Views on the Big Dollar (and the euro)

No note on currencies can be taken seriously these days without at the outset swearing fealty to the mighty greenback. In short, it seems the state of the currency is sound.

And I don’t disagree. The medium term fundamentals, in terms of interest rates and growth, do still favor the USD. But does this mean it will continue to rise? Currencies are fickle things. Expectations play an outsized role in an asset class where there is no tangible value or hard measurement. And everyone has baked a stronger USD into their base case for whatever they’re doing. Everyone. Current expectations have set a high bar for dollar appreciation.

This is the story I could easily see playing out in currencies in the coming weeks/months, given current expectations and positioning. And it is not bullish the USD.

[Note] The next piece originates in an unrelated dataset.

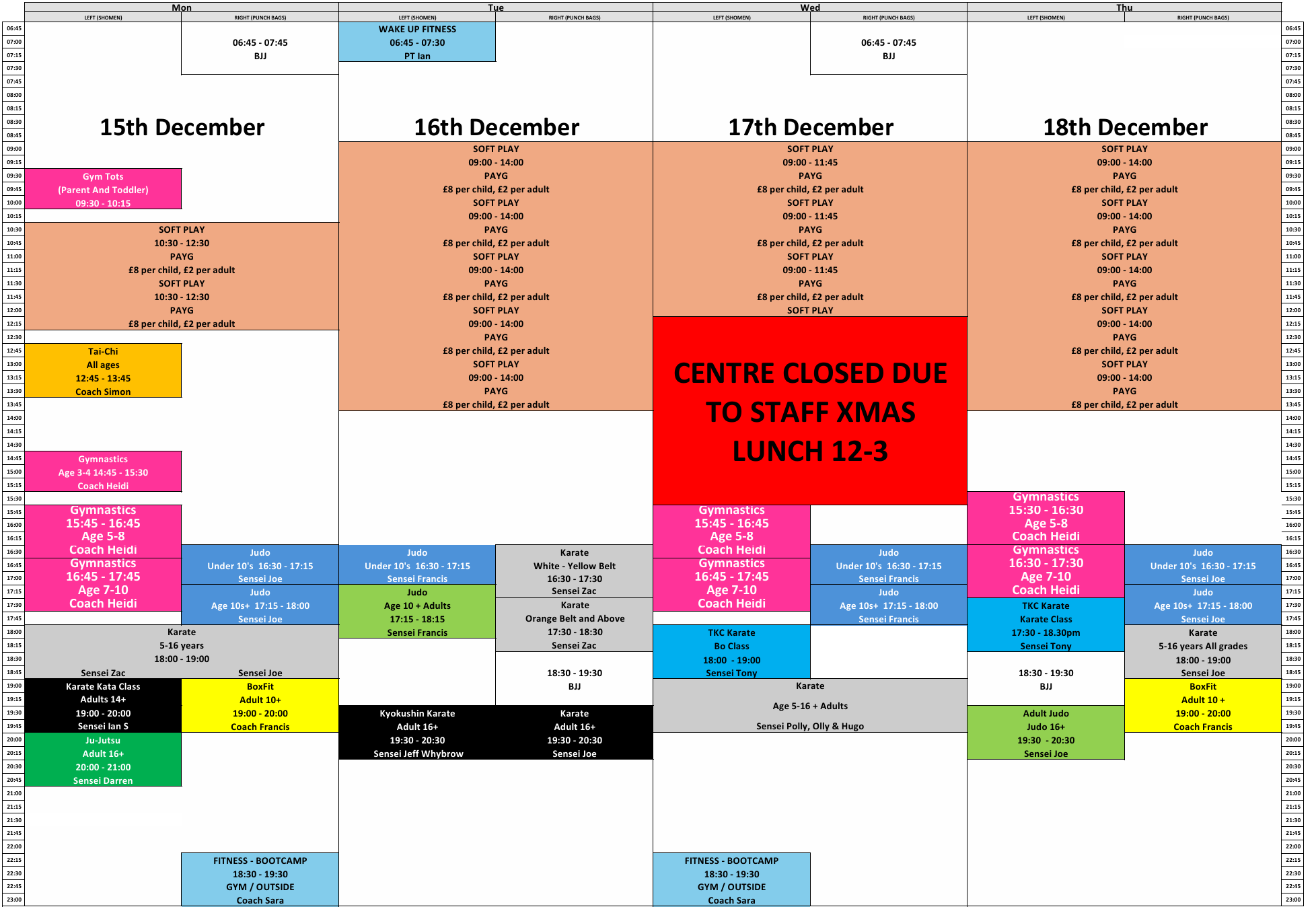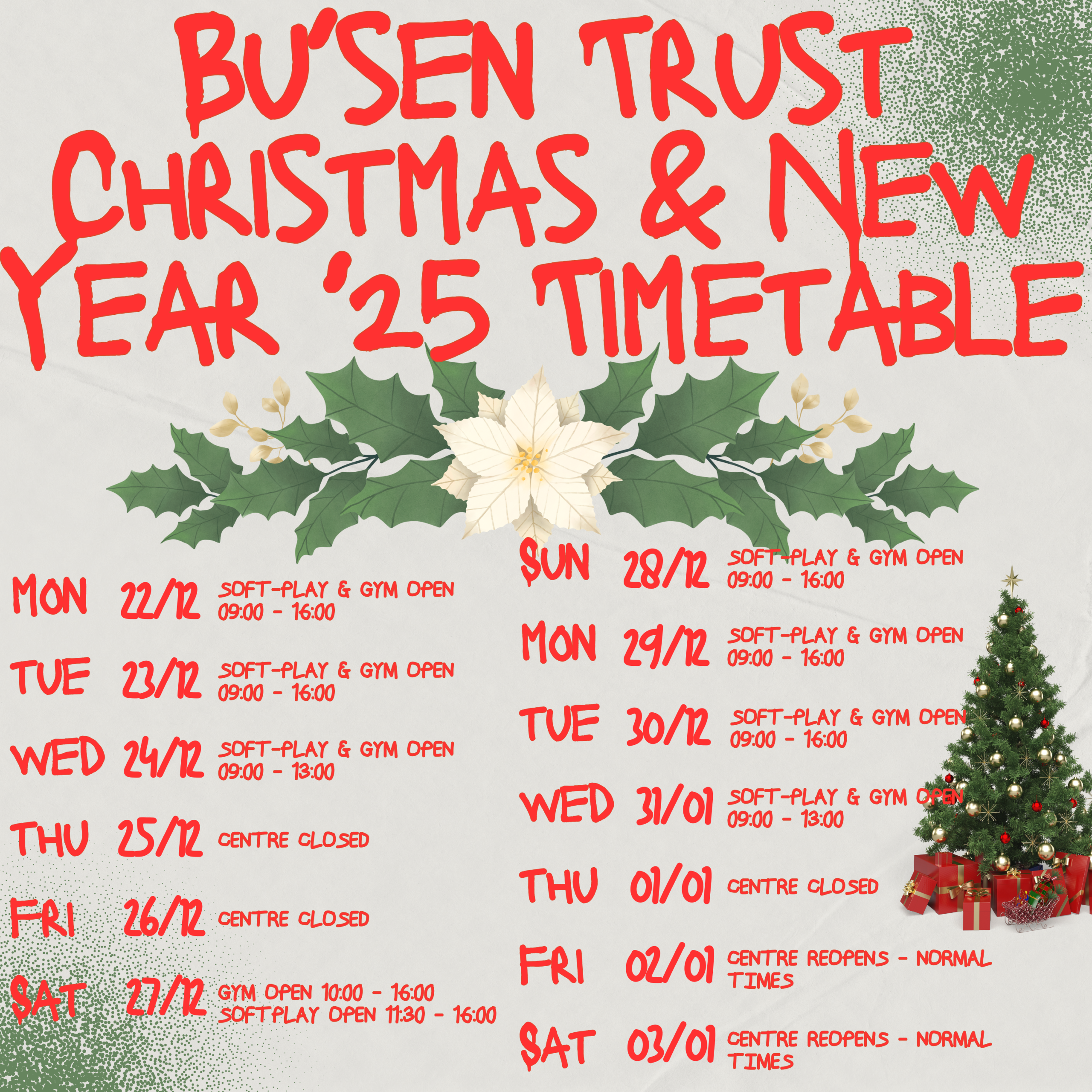 Here’s the updated timetable for Bu’sen Martial Arts & Sports Trust for the Christmas Period of 2025.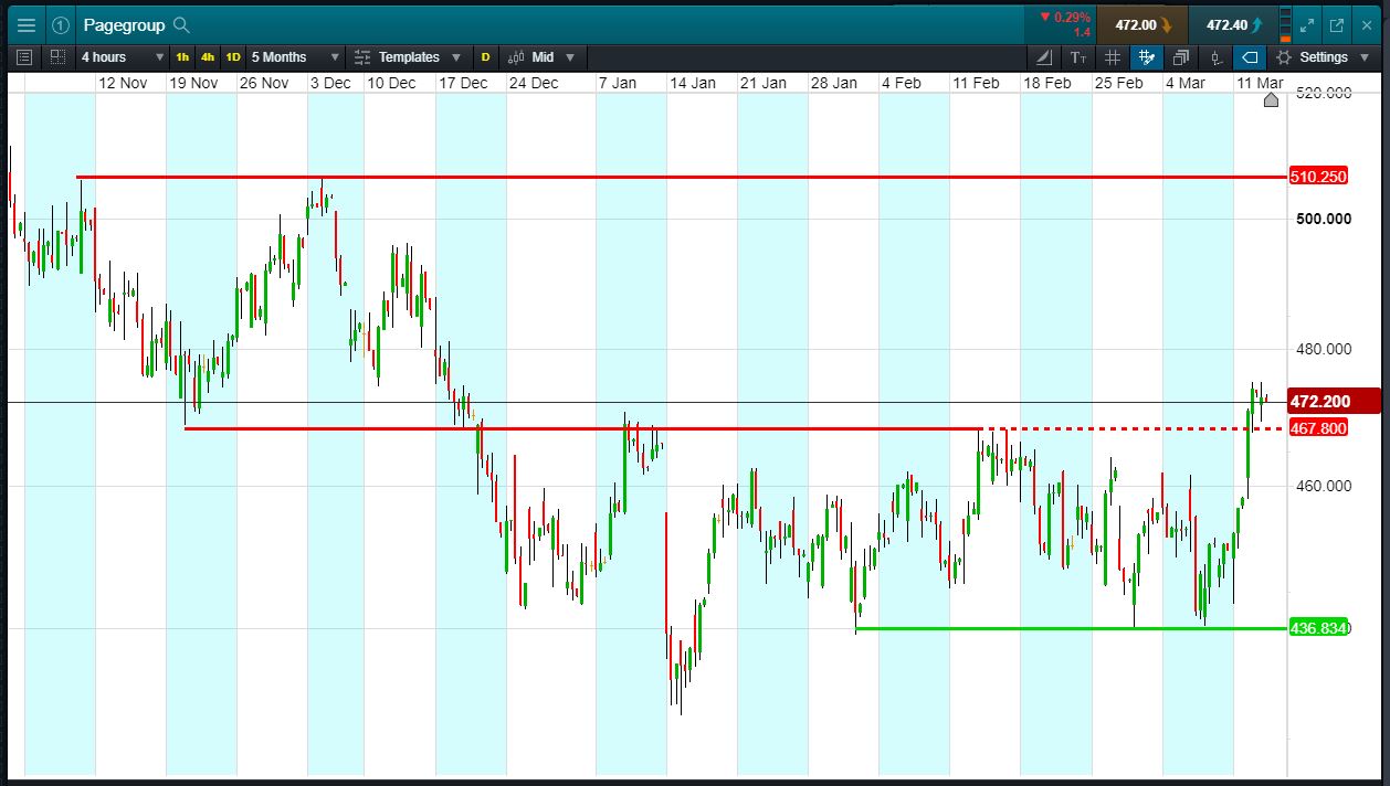 Will PageGroup turn, or will it continue to rise towards 510p?

  1. US rate hike. The most dollar bullish scenario is the one where the FOMC hikes in September. No one anywhere would be truly surprised if the Fed hikes rates next month. It may only be about a 60/40 proposition, but no one would be left slack-jawed. Okay, maybe there are a handful of QE4EVA crazies somewhere huddled in a bunker with Obama birthers insisting they will still be vindicated. But if the FOMC raises rates in September—or the market starts to price a much higher September probability—and it fails to boost the dollar further, there will be a lot of investors bailing out of their entrenched long USD positions, most of which are predicated on higher rates.
  2. Pace of hikes. It seems unlikely that the FOMC will indicate a pace of hikes aggressive enough to sustain the degree of positioning and sentiment that is currently behind the long USD trade, especially, if, as I suspect, the Fed is hiking more as avalanche protection and not because they fear economic overheating.
  3. European growth. Much of the dollar’s rise has been Europe’s fall. And expectations in Europe are now very low. Less recession would constitute a win there. Moreover, Greece has been taken off the table as a systemic risk and the ECB have made it clear that they will protect sovereign spreads if pressured. This means EZ breakup can only come from within, in response to protracted worse-than-expected growth. This risk is real, but it is likely much, much further down the road now.  Lots of room for surprise to the upside.

It’s always a dicey call to fade the fundamentals—even after a big run. But when sentiment, positioning, and expectations rise to certain levels they require ever more powerful news to be maintained.

It wouldn’t take much here to send to USD longs/EUR shorts into a scramble. And it would take even less to make a compelling narrative out of it.